BEGIN Recorded data

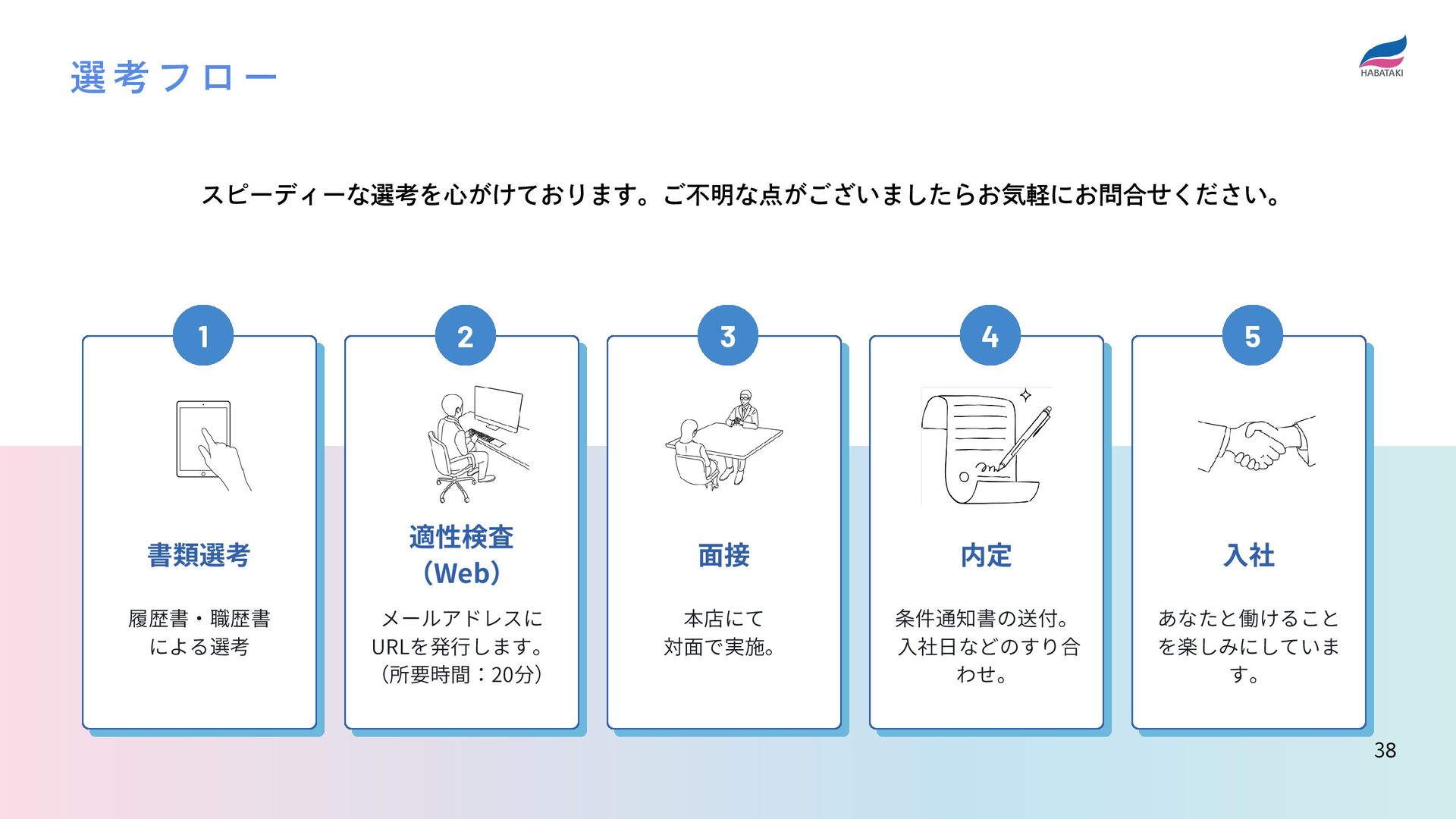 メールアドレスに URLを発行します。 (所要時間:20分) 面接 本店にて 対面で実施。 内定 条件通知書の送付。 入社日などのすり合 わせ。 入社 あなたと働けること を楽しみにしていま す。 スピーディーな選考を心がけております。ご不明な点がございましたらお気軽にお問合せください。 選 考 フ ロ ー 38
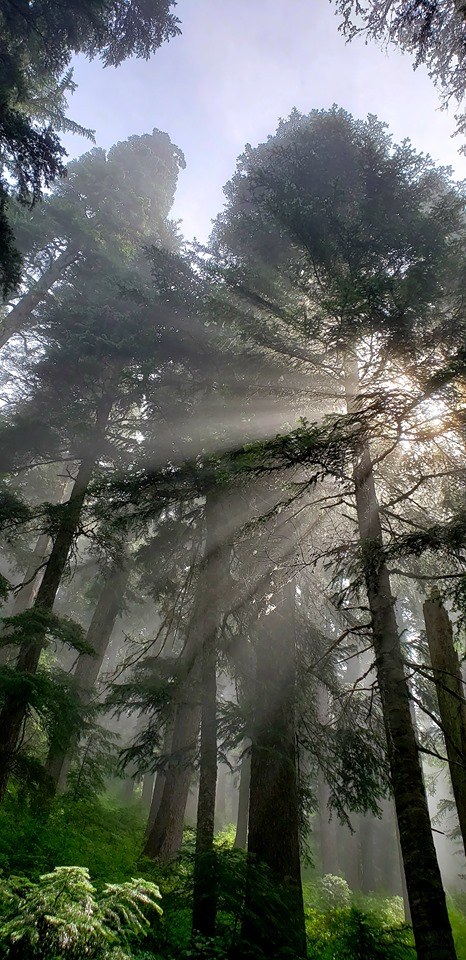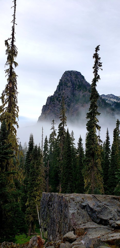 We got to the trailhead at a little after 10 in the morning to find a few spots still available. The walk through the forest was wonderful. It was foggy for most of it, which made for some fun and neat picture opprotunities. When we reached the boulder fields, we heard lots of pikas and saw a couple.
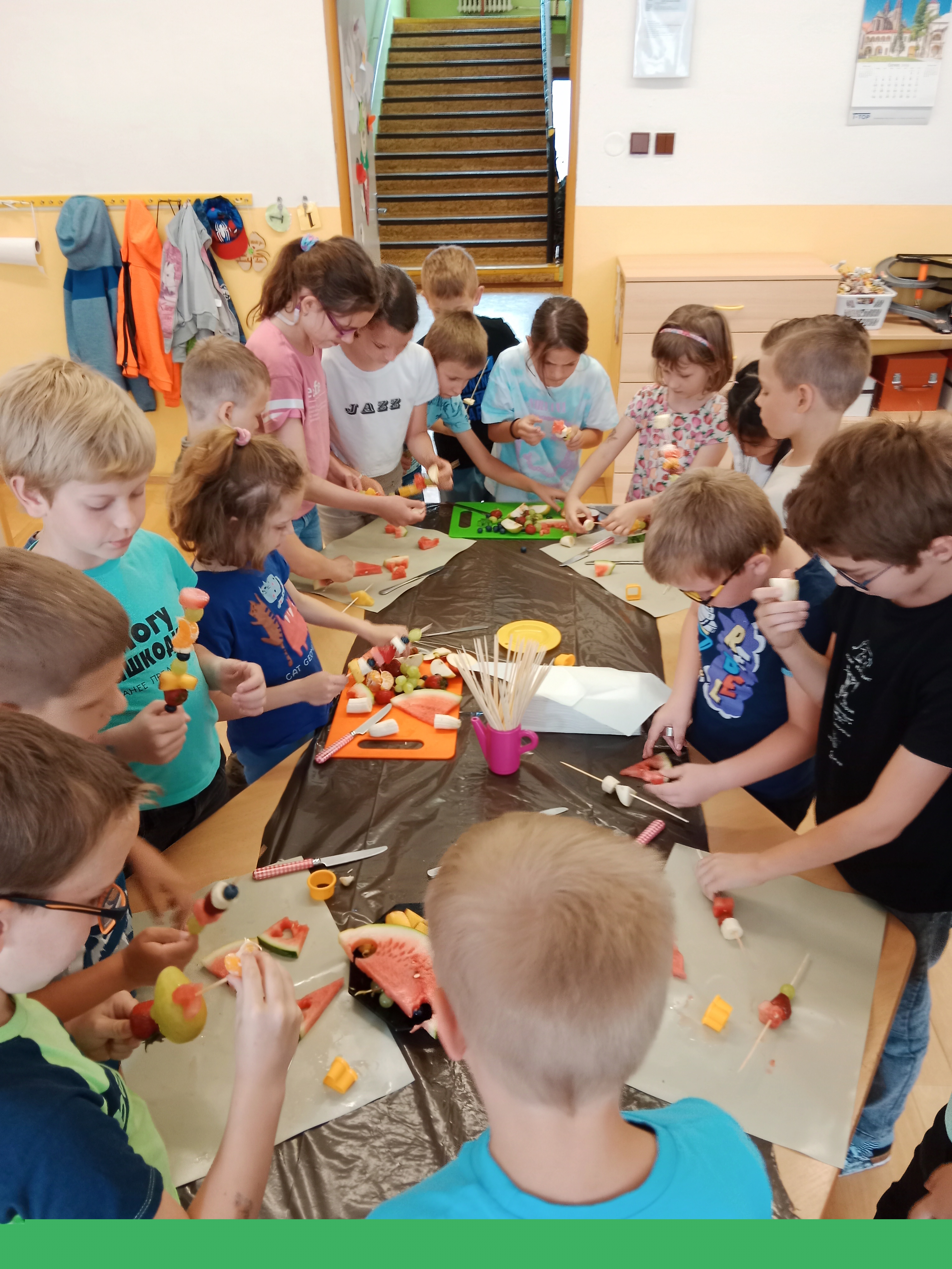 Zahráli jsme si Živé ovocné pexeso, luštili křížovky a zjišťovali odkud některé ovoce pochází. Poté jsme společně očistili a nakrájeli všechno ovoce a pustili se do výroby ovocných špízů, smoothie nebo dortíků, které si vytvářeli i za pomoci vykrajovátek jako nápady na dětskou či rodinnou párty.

END Recorded data

• [What you are asked to do]: Reproduce word for word the lines running from the line with "We got to the" through the end of the data, both included, and nothing else; leave out the pictures.

• [Reply]:
 We got to the trailhead at a little after 10 in the morning to find a few spots still available. The walk through the forest was wonderful. It was foggy for most of it, which made for some fun and neat picture opprotunities. When we reached the boulder fields, we heard lots of pikas and saw a couple.
 Zahráli jsme si Živé ovocné pexeso, luštili křížovky a zjišťovali odkud některé ovoce pochází. Poté jsme společně očistili a nakrájeli všechno ovoce a pustili se do výroby ovocných špízů, smoothie nebo dortíků, které si vytvářeli i za pomoci vykrajovátek jako nápady na dětskou či rodinnou párty.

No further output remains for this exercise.